А я Гринёв Леонид Петрович. И я, так понимаю, я ваш дедушка? – Вы всё правильно понимаете, – Катя кивнула. – А теперь я уйду, не буду вам мешать.
– Хочу только сказать, что ошибка, о которой вы жалеете, живёт в весьма стеснённых условиях под гнётом настоящего монстра. Наверное, под старость лет вам придётся принимать ещё кое-какие решения, касающиеся вашей семьи, которая, в принципе, ни на что не претендует. Катя вышла из учительской и побежала вниз по ступенькам.
Зачем-то она вспомнила Мишеля, который стоял на задних лапах за кусочек школьной котлеты. И от этого воспоминания стало ещё горче. В их квартиру позвонили, когда Олег как раз доедал свои тушёные овощи, припоминая про мясо.
Мать сдрогнула, а Катя уверенно прошла в прихожую и открыла дверь. На пороге, как она и предполагала, стоял Леонид Гринёв-Самоедов с букетом цветов в руках. «Ваша дочь там», – сказала Катя, впуская журналиста в дом.

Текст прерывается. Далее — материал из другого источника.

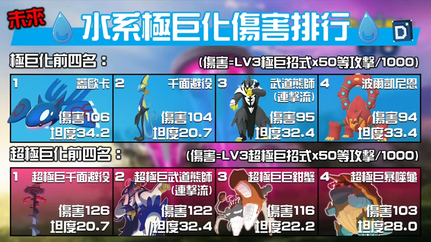 千面避役靠著本身的高攻擊利,能提供極巨系統裡優異的水系傷害量,沒有超極巨化僅會輸給未來出現的蓋歐卡,而超極巨化後則是無人能撼動的水系霸主!加上論超極巨化所有角色,它也是最高傷害量的存在。

Напротив неё сидит человек, который испортил всю её жизнь, а также жизнь вашей внучки и внука, ещё собаки, которая вообще не член семьи. Дедушка Катя слабо улыбнулся и прошёл внутрь. Катя из прихожей услышала вскрик матери, а также брань Олега, который, признав в гости знаменитого журналиста, только и мог, чтобы бормотать ругательства, имеющие мало общего с приходом важной персоны.
На следующий день Самоедов уехал, а через два дня в доме Гринёвых пришли люди в костюмах и вывели из квартиры Олега. Тот не сопротивлялся. Мать плакала, а Катя думала о том, что её отчиму самое место там, куда его везут.
В больнице, где он пройдёт реабилитацию. Только теперь стало известно о том, что помочь ему может только психиатр. За два дня до выпускного, когда Катя примеряла своё платье у тёти Оли в гостях, ей позвонила мать.
Звонил твой дед, он приедет за тобой через неделю. – Зачем? – удивилась Катя, продолжая любоваться своим отражением. – За тем, что так надо.
Мы переезжаем в столицу. – Ты ведь не хотела. Катя улыбнулась, но голосом это не подала.
– Я хочу жить, Катя. Я просто хочу жить. Выходя из подъезда швеи и идя домой, Катя снова столкнулась с Мироном.
– А какие планы на лето? Куда едешь поступать? Он снова остановился возле девушки. – Не знаю, мы едем с мамой в столицу к деду. – Я тоже поеду в столицу.
Буду пытаться прорваться в журналистику. Но, как сказал самоедов, надо практиковать уверенный голос. Поменьше слушать тех, кто плохо разбирается в жизни.
Усмехнулась Катя, ни словом не упоминая о том, что сам самоедов ее дед. – Хорошо. – рассмеялся Мирон…
– Я буду слушать только тебя. Мне кажется, что ты перспективная. Катя тоже рассмеялась того, как Мирон скопировал слова ее деда, которыми он охарактеризовал молодого человека.
– Предлагаю пойти на бал вместе. – сказал Мирон и протянул Кате руку. – Света же не переживет.
Девушка закатила глаза, имитируя реакцию Светы. – А может быть, мне только это и надо. Платье получилось изумительно.
Прическа идеальной, а настроение отменным. Мать, глядя на Катю, едва сдерживала слезы радости. Какой красивой была ее дочь.
Реакция всех одноклассников на появление Кати в сопровождении Мирона была неоднозначной. Среди них все шептались, упоминая вслух имя Светы. Сама Света молча смотрела на пару, покрываясь красными пятнами, но не говоря ничего вслух.
Беря Мирона за руку и входя с ним в актовый зал школы, Катя почувствовала себя Золушкой из сказки. Золушкой, которой больше не надо будет мыть в клубе и брать котлетки из школьной столовой.